The `-t` option allocates a pseudo-TTY. A pseudo-TTY can modify piped input, which is not what you want when passing an SSH public key through stdin.
Correct:
```bash
kubectl exec -i -n mono-system ds/node-agent -- \
ctl create sshd --authkeys /dev/stdin < ~/.ssh/id_rsa.pub
```
Avoid:
```bash
kubectl exec -it -n mono-system ds/node-agent -- \
ctl create sshd --authkeys /dev/stdin < ~/.ssh/id_rsa.pub
```
## Check that the pod is running
After applying the manifest, check the pod:
```bash
kubectl get pods -n mono-system -l app.kubernetes.io/name=sshd
```
Check the service:
```bash
kubectl get svc -n mono-system -l app.kubernetes.io/name=sshd
```
If the pod does not start, inspect it:
```bash
kubectl describe pod -n mono-system -l app.kubernetes.io/name=sshd
```
## Connect through SSH
The exact SSH command depends on how the generated service exposes the pod.
If the service uses a NodePort such as `30022`, connect with:
```bash
ssh -p 30022 root@<node-ip>
```
Replace `<node-ip>` with the node's reachable IP address.
## Access the host environment
Inside the SSH session, the host filesystem is available under `/host`.
Useful checks:
```sh
ls -la /host
chroot /host /bin/sh -lc 'rc-status'
chroot /host /bin/sh -lc 'rc-service crio status'
chroot /host /bin/sh -lc 'rc-service kubelet status'
```
Restart CRI-O:
```sh
chroot /host /bin/sh -lc 'rc-service crio restart'
```
Restart kubelet:
```sh
chroot /host /bin/sh -lc 'rc-service kubelet restart'
```
You can also inspect host processes from the pod because the recovery pod uses the host PID namespace:
```sh
ps aux | grep -E 'kubelet|crio'
```
## Notes for monok8s host mounts
The recovery pod does not mount host `/` directly.
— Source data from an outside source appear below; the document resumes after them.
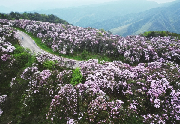 4月25日,双牌阳明山国家森林公园内近10万亩野生杜鹃竞相盛放,漫山遍野,美如画卷。 唐建海 摄
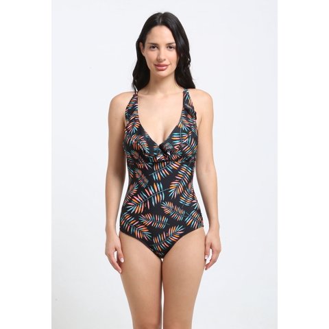 Samia - Enterito Escote Con Vuelos Estampado Hojas Xl | Lider Electrohogar
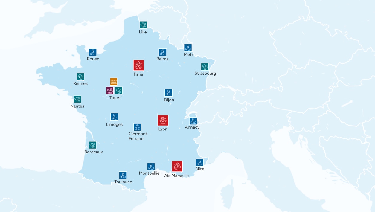 En effet, Henry Schein France dispose d’une implantation unique sur le marché dentaire. Nos 300 conseillers commerciaux et techniciens sont répartis sur l’ensemble du territoire à travers différents sites en régions :
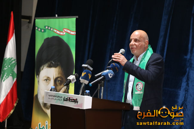 بدوره أكّد النائب علي خريس خلال كلمته أن حركة أمل هي الاشرف والأنقى فهي لا تملك مصرفاً ولا شركة ولا وكالة حصرية بل تملك هماً دائماً هو هم الناس وتفتخر بكل ما قدمته لأهلنا.

On monok8s, `/` and `/var` may be private mounts. Mounting them directly as host paths can fail with errors such as:
```text
path "/" is mounted on "/" but it is not a shared or slave mount
```
or:
```text
path "/var" is mounted on "/var" but it is not a shared or slave mount
```
Instead, the recovery pod assembles a minimal host root under `/host` from individual host paths.
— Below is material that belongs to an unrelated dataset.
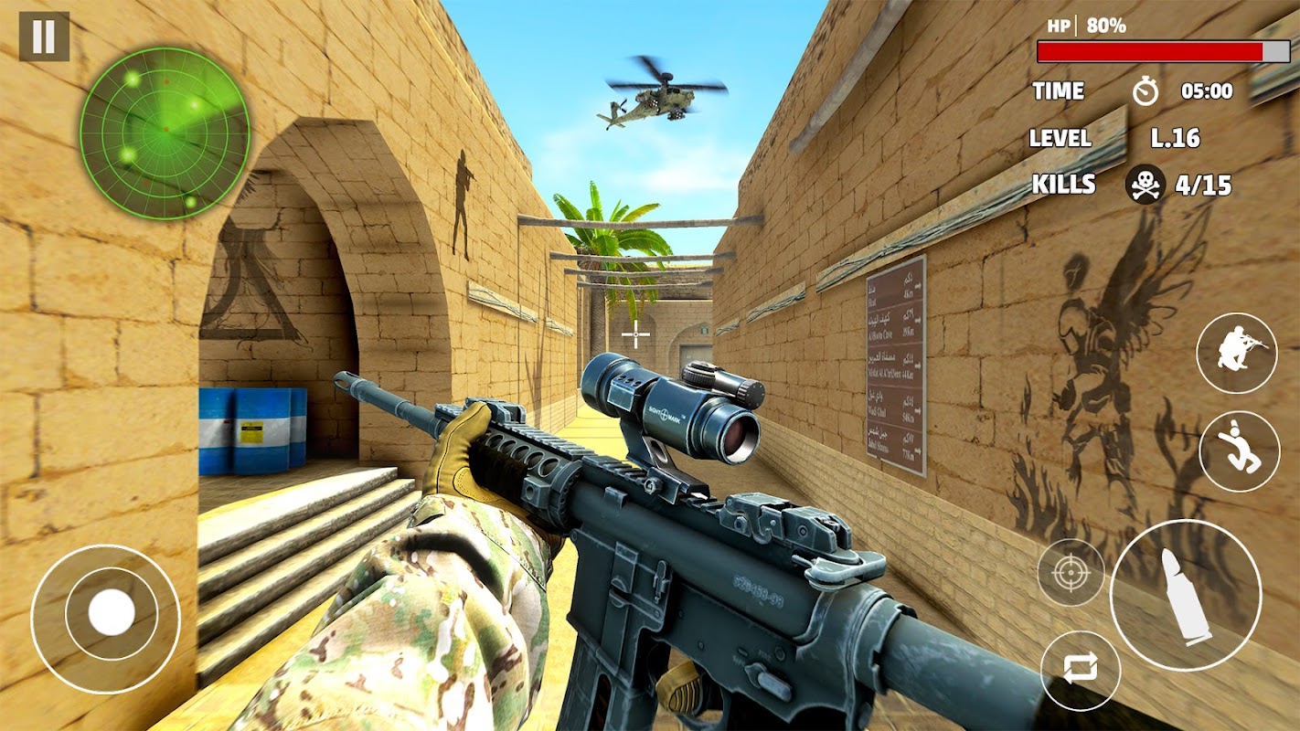 In diesem modernen Shooter-Offline-Spiel geht es nicht nur ums Überleben; es geht um Herrschaft. Sei es mit einem Scharfschützen oder einer Minipistole, Ihre Mission in diesem Offline-Kommandoangriffsspiel ist es, dem Terror standzuhalten. Erleben Sie den Trubel des Schießspiels, während Sie das Schlachtfeld meistern.

For `/var`, it uses the backing path:
```text
/data/var -> /host/var
```
This avoids the private bind-mount issue.
## Remove the recovery pod
When recovery is complete, remove the generated resources.
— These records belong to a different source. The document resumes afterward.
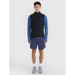 pánska bežecká vesta 4F je funkčná vonkajšia vrstva na tréning v teplejších dňoch. Úzky strih prilieha k telu, zatiaľ čo klasická dĺžka cez boky neobmedzuje pohyb pri behu vonku.
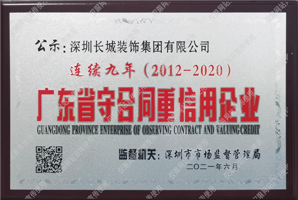 近日,2020年度“廣東省守合同重信用企業(yè)”評選結(jié)果出爐,長城被授予“連續(xù)九年(2011-2020)廣東省守合同重信用企業(yè)”。
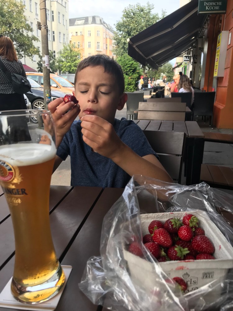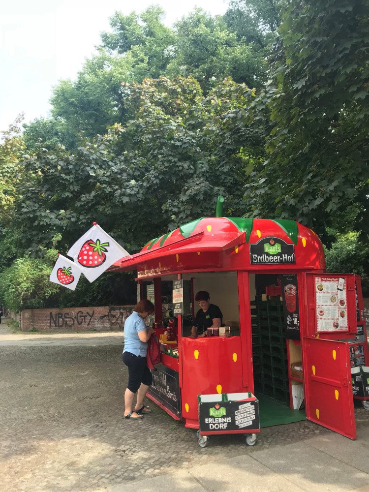 On my way home, feeling hot and tired and needing a break, I bought some farm fresh strawberries at the Karl’s kiosk. We remember coming here from prior trips to Berlin. The very best we’ve ever had!

If the resources use the default SSHD labels:
```bash
kubectl delete deployment -n mono-system -l app.kubernetes.io/name=sshd
kubectl delete service -n mono-system -l app.kubernetes.io/name=sshd
kubectl delete configmap -n mono-system -l app.kubernetes.io/name=sshd
```
If your generated manifest uses a fixed resource name, you can also remove them by name:
```bash
kubectl delete deployment -n mono-system sshd
kubectl delete service -n mono-system sshd
kubectl delete configmap -n mono-system sshd-authorized-keys
```
## Security warning
This pod is powerful.
It runs with root-level recovery access and can inspect or modify host files through `/host`. Treat it as a temporary break-glass tool, not a normal service.
Do not leave it running after recovery.